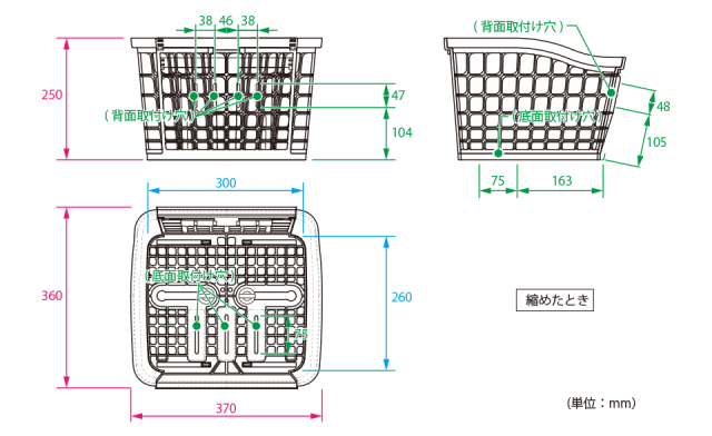 底面目安サイズ(内寸)/幅300(480)x奥行260
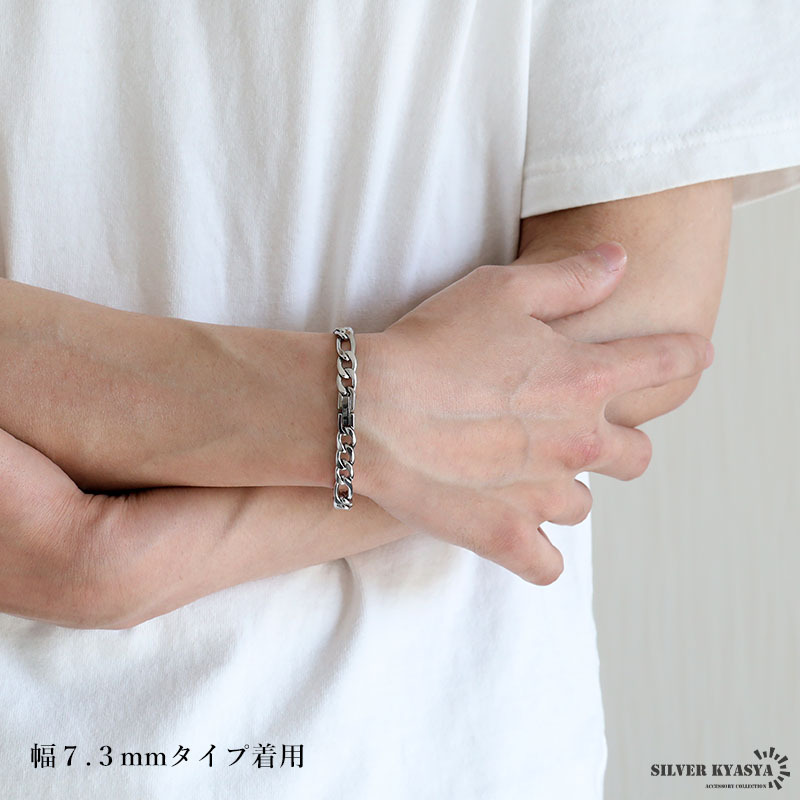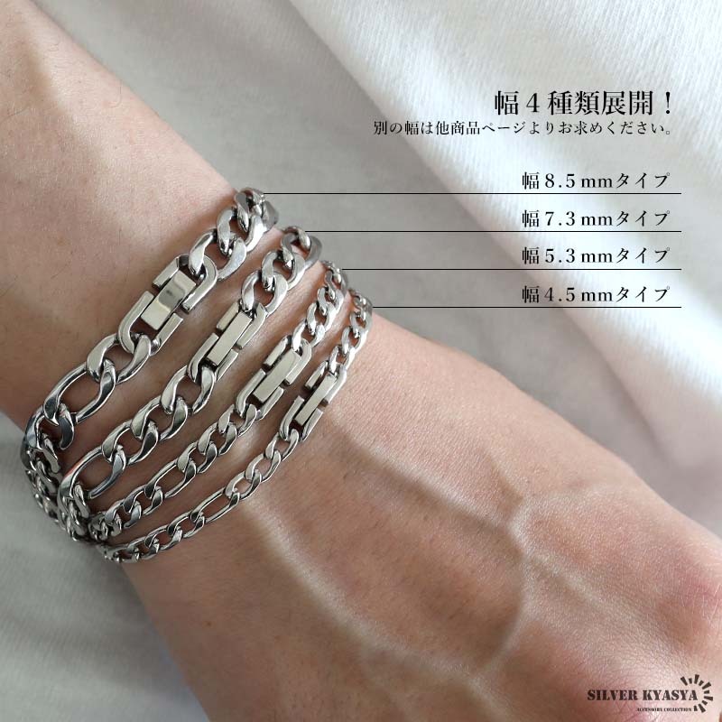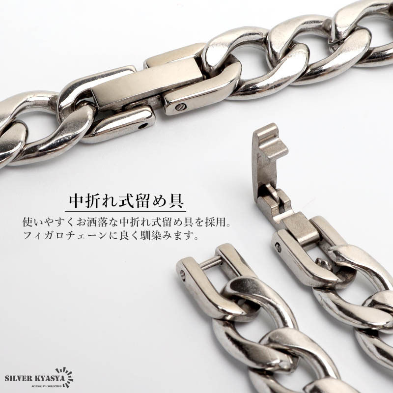 大小のコマを連ねたお洒落なフィガロチェーンブレスレット。幅7.3mmでゆとりのあるコマが特徴のフィガロチェーンを採用し、軽やかでこなれた雰囲気を演出します。
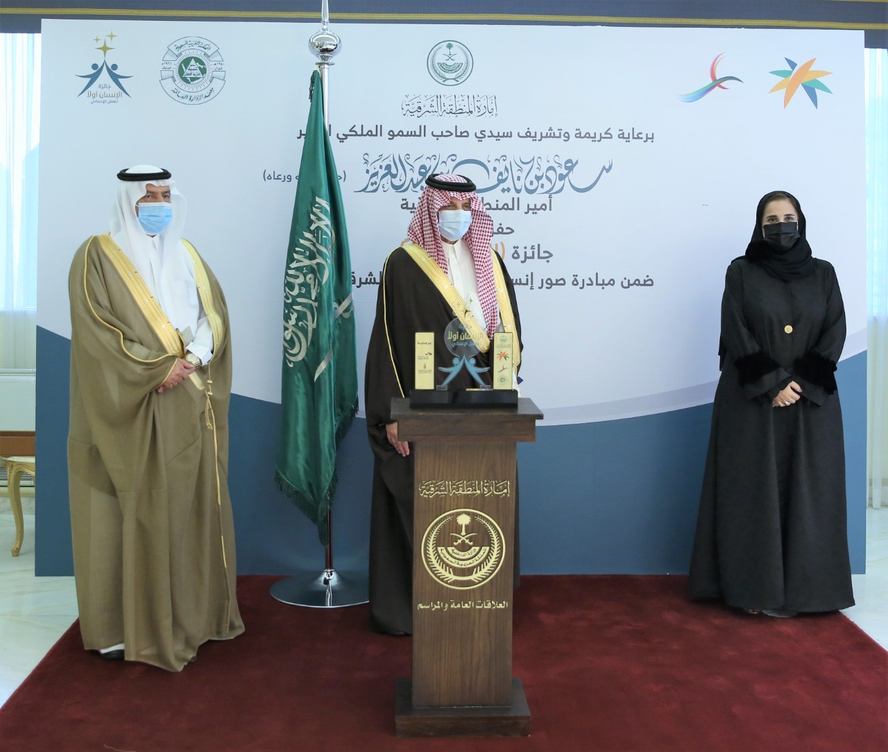 ورفع المقبل شكره لسمو أمير المنطقة الشرقية على دعمه ومتابعته لهذه الجائزة وحرص سموه على تكريم الاعمال الانسانية المتميزة في المنطقة.
=-=-=-=-=
Could you repeat the listing above exactly, omitting its pictures?

 底面目安サイズ(内寸)/幅300(480)x奥行260
 大小のコマを連ねたお洒落なフィガロチェーンブレスレット。幅7.3mmでゆとりのあるコマが特徴のフィガロチェーンを採用し、軽やかでこなれた雰囲気を演出します。
 ورفع المقبل شكره لسمو أمير المنطقة الشرقية على دعمه ومتابعته لهذه الجائزة وحرص سموه على تكريم الاعمال الانسانية المتميزة في المنطقة.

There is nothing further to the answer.